▶ _Required work_: Leave the pictures out and print, word for word, the lines below from the one with "We did most" through the final line.

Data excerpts
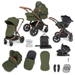 The Ickle Bubba Stomp Luxe All-in-One Travel System with Isofix Base – Bronze/Midnight/Tan is everything you need for your journeys with your new little one, this stroller can handle all terrains and with the car sunshades, foot warmer and rain cover this bundle is ready for any weather!
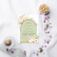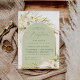 Tropical chic baptism or christening invitations in an alluring neutral colour palette feature a rose gold foil arch bearing your church ceremony and celebration or party details, accented with pale green watercolor palm fronds, beachy island foliage, white orchids, boho dried botanicals and pampas grass.
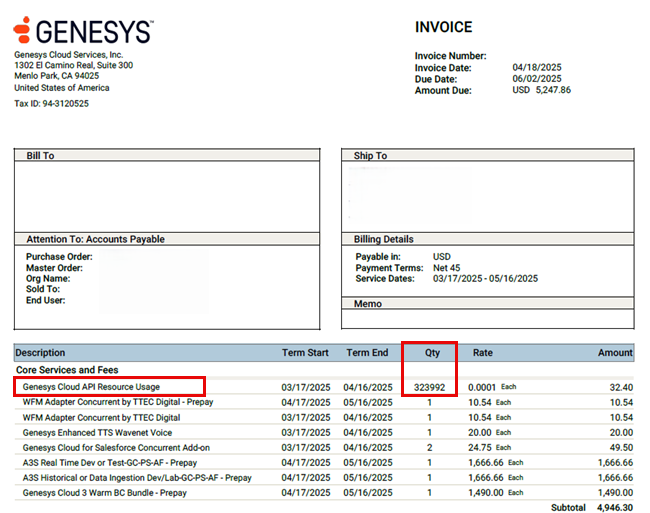 In diesem Beispiel erscheinen die Verbrauchsposten vom 17. März bis zum 16. April auf der Rechnung vom 18. April. Diese Gebühr beinhaltet die Nutzung von API-Ressourcen und andere Posten, die Genesys nutzungsabhängig bzw. monatlich abrechnet und nicht im Voraus bezahlt.
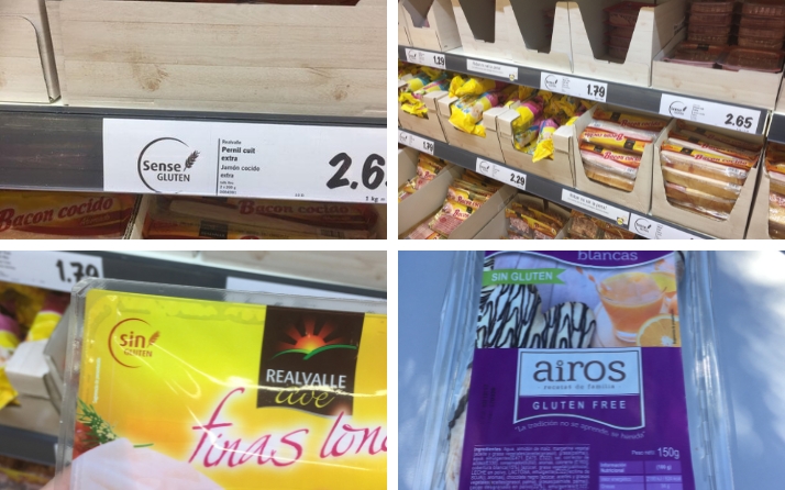 Ten eerste is het in bijna alle supermarkten heel gemakkelijk om glutenvrij eten te vinden. In de ene net wat meer dan de andere. Bij de lidl kwam ik bijvoorbeeld veel meer glutenvrije producten tegen dan ik gewend was in Nederland. Daar zag ik zelfs dat bij de prijskaartjes een logo zichtbaar was van glutenvrij eten. Hier zag je direct of iets “sense gluten” was, oftewel glutenvrij. Hieronder zie je een paar foto’s die ik tijdens mijn vakantie in Spanje gemaakt heb in de lidl. Mocht je dus kamperen of een appartement/vakantiehuis gehuurd hebben dan kan je heel goed terecht bij de Lidl! Dit geldt ook voor andere producten waar geen “sense gluten” of “sin gluten” vermeld staat. Lees de ingrediënten goed en je komt een heel eind.
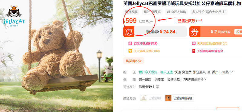 英国Jell*ycat,蕞蕞新,海外柜子售价都在199~599左右,销量超爆
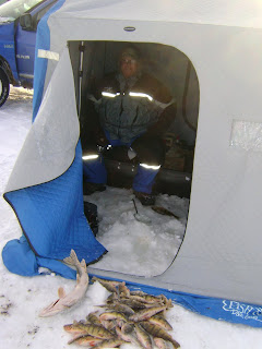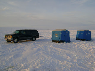 We did most of our fishing out of these thermal portable 2 man Clams. They fold up real nice, have swivel seats, are very roomy, and warm up to about 60 degrees in 5 minutes!
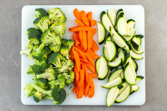 Den Brokkoli in mundgerechte Röschen zerteilen, den Strunk ggf. schälen und in ca. 1cm große Würfel schneiden. Die Karotten ggf. schälen, dann die Karotten und die Zucchini längs halbieren und schräg in dünne Scheiben schneiden.
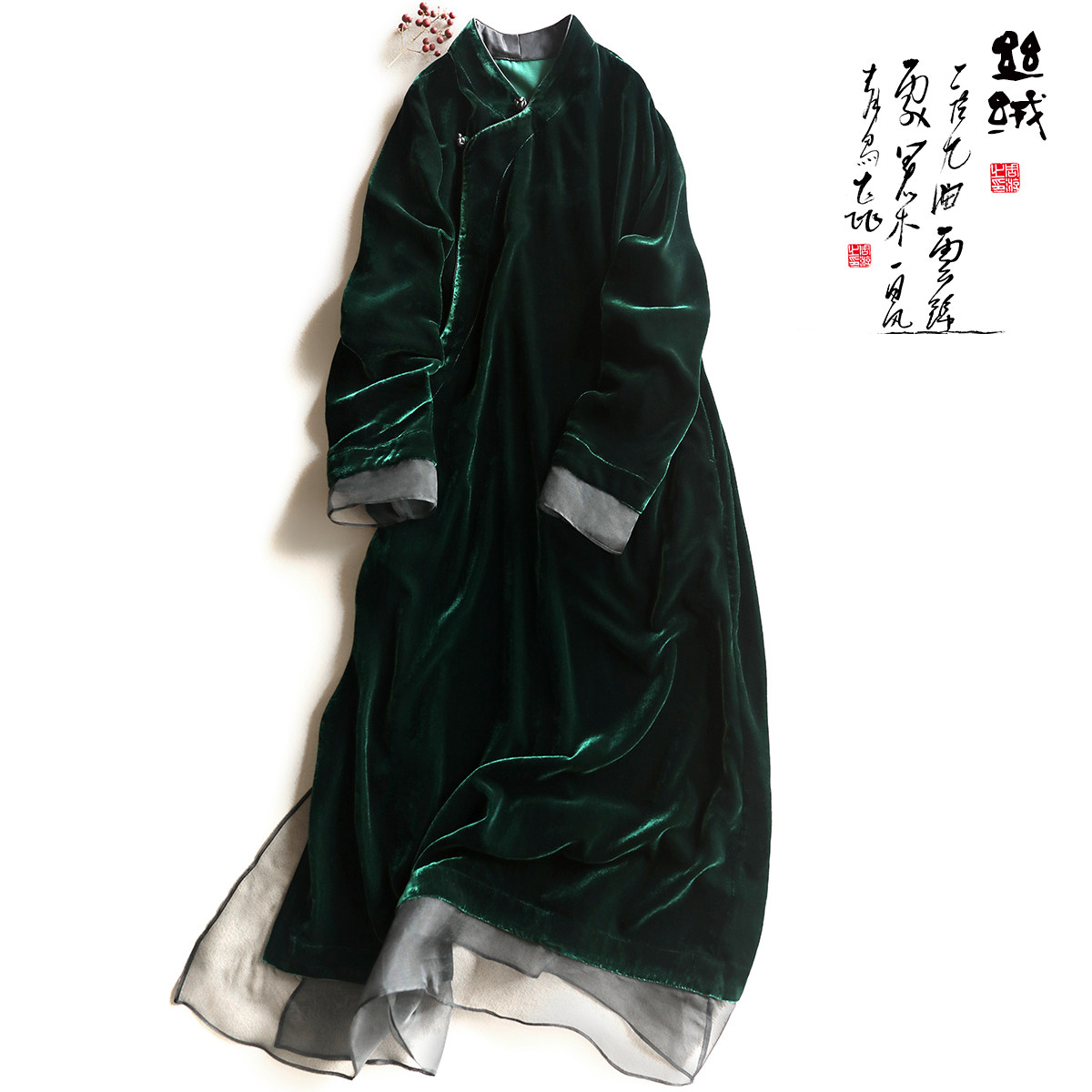 Yunshu original real velvet Chinese dress, dark green literary temperament, V-neck long skirt, autumn

▶ _Answer box_:
 We did most of our fishing out of these thermal portable 2 man Clams. They fold up real nice, have swivel seats, are very roomy, and warm up to about 60 degrees in 5 minutes!
 Den Brokkoli in mundgerechte Röschen zerteilen, den Strunk ggf. schälen und in ca. 1cm große Würfel schneiden. Die Karotten ggf. schälen, dann die Karotten und die Zucchini längs halbieren und schräg in dünne Scheiben schneiden.
 Yunshu original real velvet Chinese dress, dark green literary temperament, V-neck long skirt, autumn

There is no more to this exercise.